[[ Data below, beginning ]]
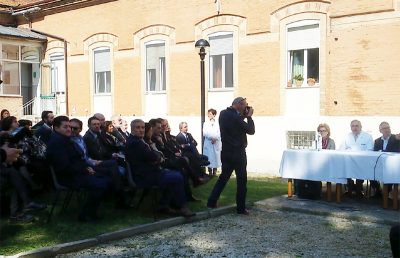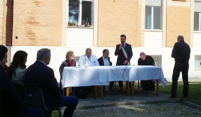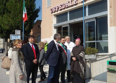 Le autorità davanti all’ospedale Santa Casa di Loreto
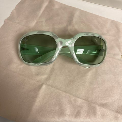 Raybanin hyväkuntoiset aurinkolasit, ei naarmuja tai muutakaan mainittavaa 💗 Väri vihreä ja kulta, linssin leveys 5cm. Mukana tulee kuvassa näkyvät tavarat.
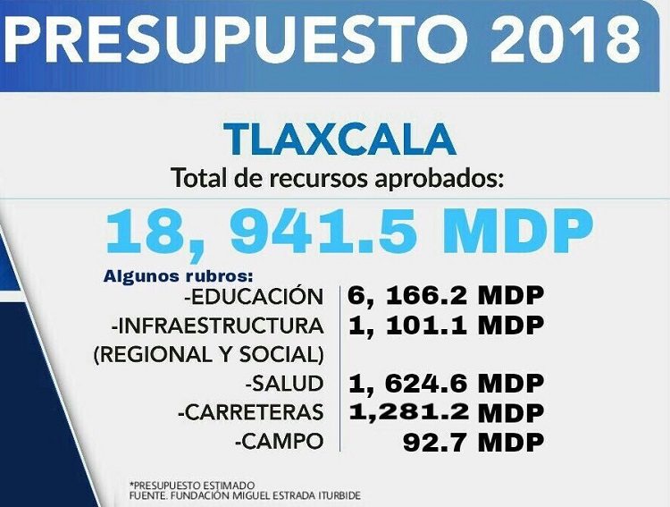 El presupuesto federal 2018 para Tlaxcala se distribuye –según estimaciones de la Fundación Miguel Estrada Iturbide, grosso modo entre otros rubros como sigue: Salud, 1,625 millones (8.6%); Carreteras, 1,281 millones (6.8%); e Infraestructura, 1,101 millones (5.8%).
[[ Data below, end ]]
What the task asks
An exact copy of every line above, minus the pictures, is the required output.

Exercise result
 Le autorità davanti all’ospedale Santa Casa di Loreto
 Raybanin hyväkuntoiset aurinkolasit, ei naarmuja tai muutakaan mainittavaa 💗 Väri vihreä ja kulta, linssin leveys 5cm. Mukana tulee kuvassa näkyvät tavarat.
 El presupuesto federal 2018 para Tlaxcala se distribuye –según estimaciones de la Fundación Miguel Estrada Iturbide, grosso modo entre otros rubros como sigue: Salud, 1,625 millones (8.6%); Carreteras, 1,281 millones (6.8%); e Infraestructura, 1,101 millones (5.8%).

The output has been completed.